Por el contrario, la iniciativa china pretende mantener la defensa de la aplicación de la política de los cinco principios de convivencia pacífica enunciados por Zhou Enlai aún en la década de 1950, cuando la República Popular estaba en sus primeros años: respeto a la soberanía y territorialidad integridad de todos los países; no agresión; la no injerencia en los asuntos internos de otros Estados; igualdad entre países; y beneficio mutuo. A estos principios -la posición histórica de China en las relaciones internacionales- se une ahora la “comunidad de destino común de la humanidad”, enfatizada en el XIX Congreso del Partido Comunista, en octubre de 19.
Por tanto, más que una iniciativa puramente económica con el objetivo de ampliar las redes de exportación e importación centradas en China, la Nueva Ruta de la Seda pretende ser un proyecto contrahegemónico, una nueva propuesta para el sistema internacional. Para comprenderlo en todas sus dimensiones, es necesario acercarse a la experiencia histórica de China, particularmente entre los estados contemporáneos, debido a sus raíces milenarias.
Empezando por la referencia a la propia ruta de la seda. Su versión “original” se remonta al comienzo de la era común, cuando existía una gigantesca red de carreteras, ciudades y mercados a lo largo de Asia, desde China hasta Europa. Hay registros de comercio de seda, un producto desarrollado originalmente en China, en la Roma del siglo II. Además de mercancías, las caravanas llevaban ideas de un lado a otro: el budismo, ahora uno de los pilares de la cultura tradicional china, viajaba hacia el este por los caminos de la Ruta de la Seda.

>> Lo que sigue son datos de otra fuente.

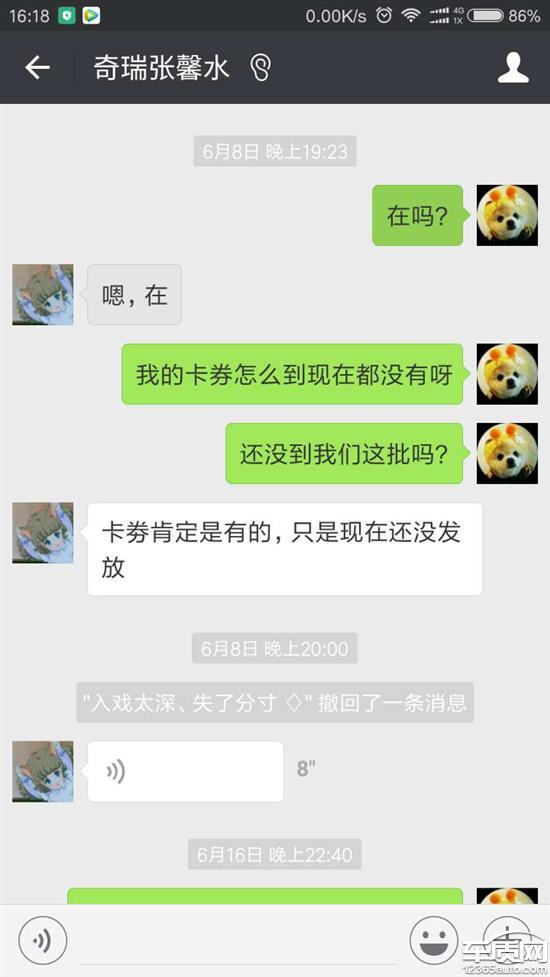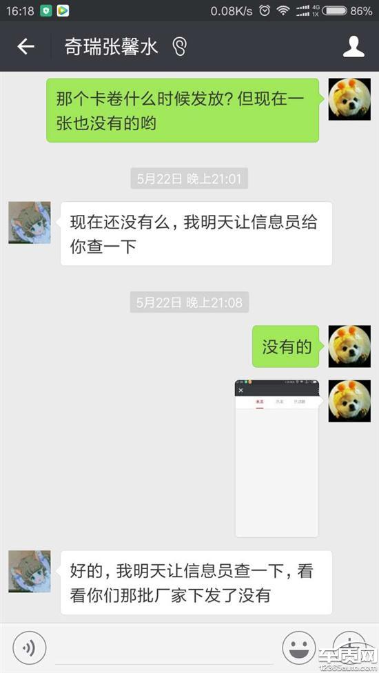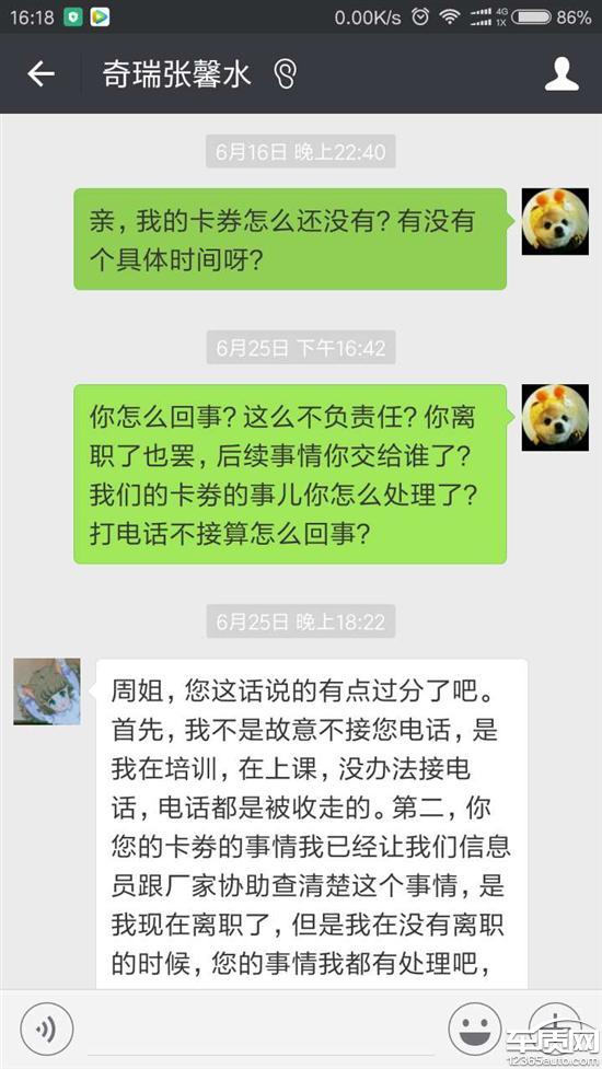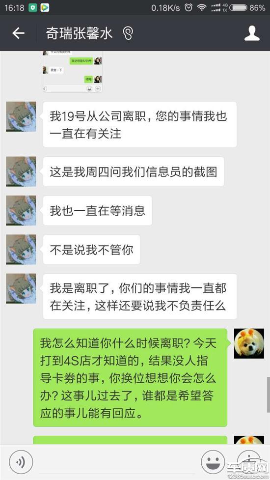 我于2017年5月1日甘肃兰州车展,预订奇瑞瑞虎7 20161.5T手动耀臻版,并于同月9日提车成功,但是展会经销商承诺厂家予以6年12次的免费保养,并会在奇瑞微信公众号内下发卡卷,最慢会于次月发放,可现在时间过去两个多月依然没有任何消息,期间我们多次与兰州区域4S店以及销售沟通联系,只有一句让我们耐心等待,现在接待我们的销售也离职了,并且没有任何相关人员了解负责此事,我们本着支持国产自主品牌的初衷购买了奇瑞,可是这样的服务和售后让我们如何放心?请厂家能给予满意答复。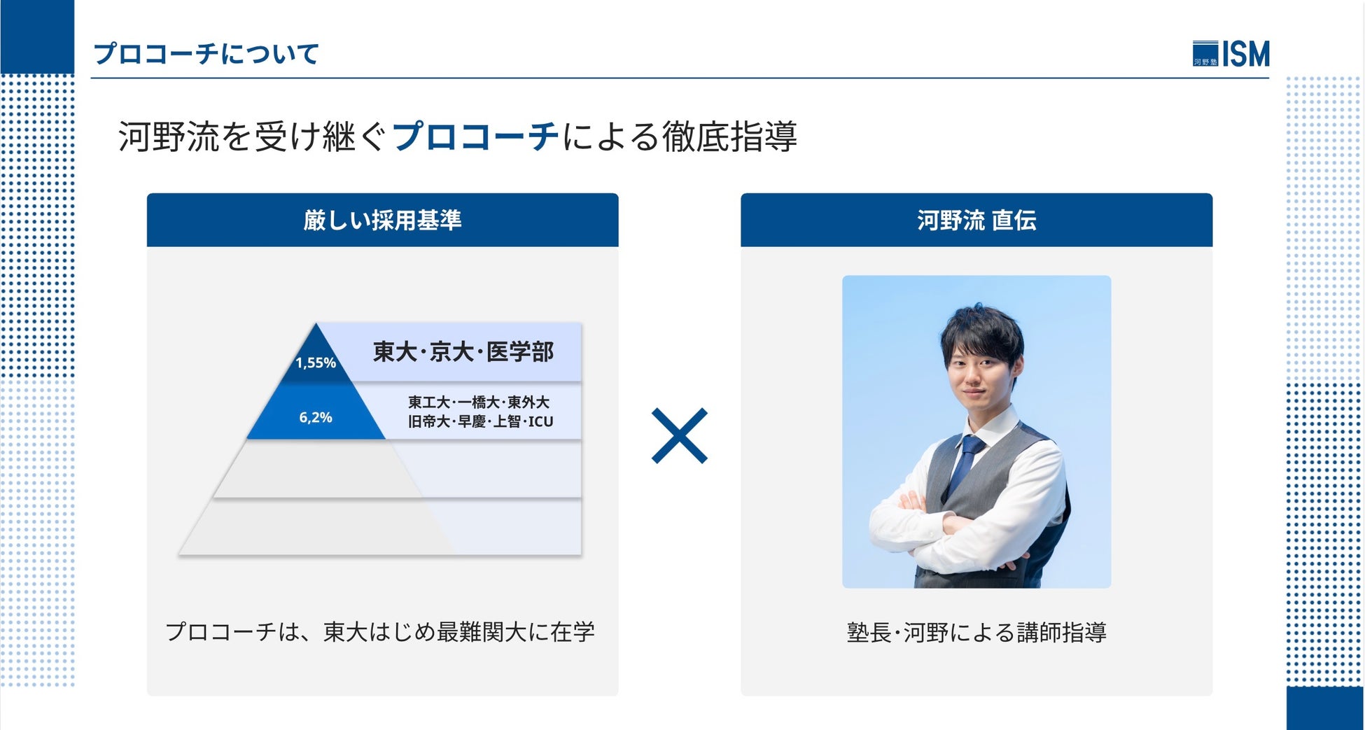 厳しい採用基準によって選ばれたプロコーチは東大をはじめとする最難関大に在学。さらに、塾長である河野玄斗の学習法・指導法を受け継ぎ、KONO式の授業を行います。

Por otro lado, los inventos y descubrimientos chinos como el papel, el magnetismo, los instrumentos agrícolas, los estribos, entre otros, llegaron a Europa por la misma ruta. Este es el “espíritu de la Ruta de la Seda” invocado por Xi Jinping en sus discursos como base de la nueva iniciativa: cooperación, apertura, expansión del conocimiento y beneficios para todos. “El espíritu de la Ruta de la Seda se ha convertido en un gran activo de la civilización humana”, dijo a los 1500 participantes del Foro de 2017, una idea reiterada en la reciente reunión de abril de 2019.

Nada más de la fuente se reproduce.